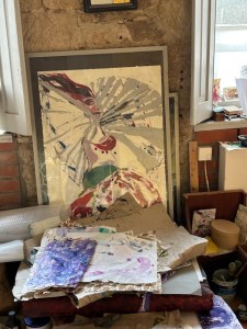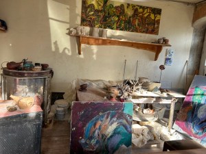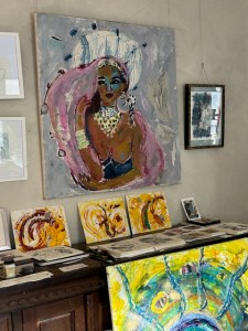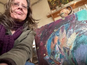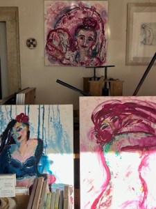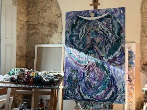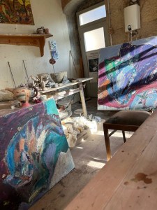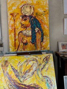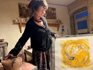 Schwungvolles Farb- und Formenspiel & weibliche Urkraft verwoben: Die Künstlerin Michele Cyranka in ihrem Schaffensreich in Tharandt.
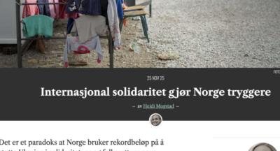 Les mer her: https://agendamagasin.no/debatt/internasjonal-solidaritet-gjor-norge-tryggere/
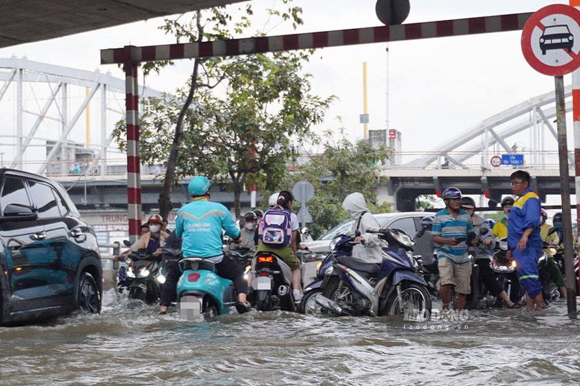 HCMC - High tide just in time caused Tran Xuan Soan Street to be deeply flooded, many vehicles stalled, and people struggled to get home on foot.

| What you have to do |
Repeat all of the listing above word for word, and exclude the pictures.

| Worked solution |
 Schwungvolles Farb- und Formenspiel & weibliche Urkraft verwoben: Die Künstlerin Michele Cyranka in ihrem Schaffensreich in Tharandt.
 Les mer her: https://agendamagasin.no/debatt/internasjonal-solidaritet-gjor-norge-tryggere/
 HCMC - High tide just in time caused Tran Xuan Soan Street to be deeply flooded, many vehicles stalled, and people struggled to get home on foot.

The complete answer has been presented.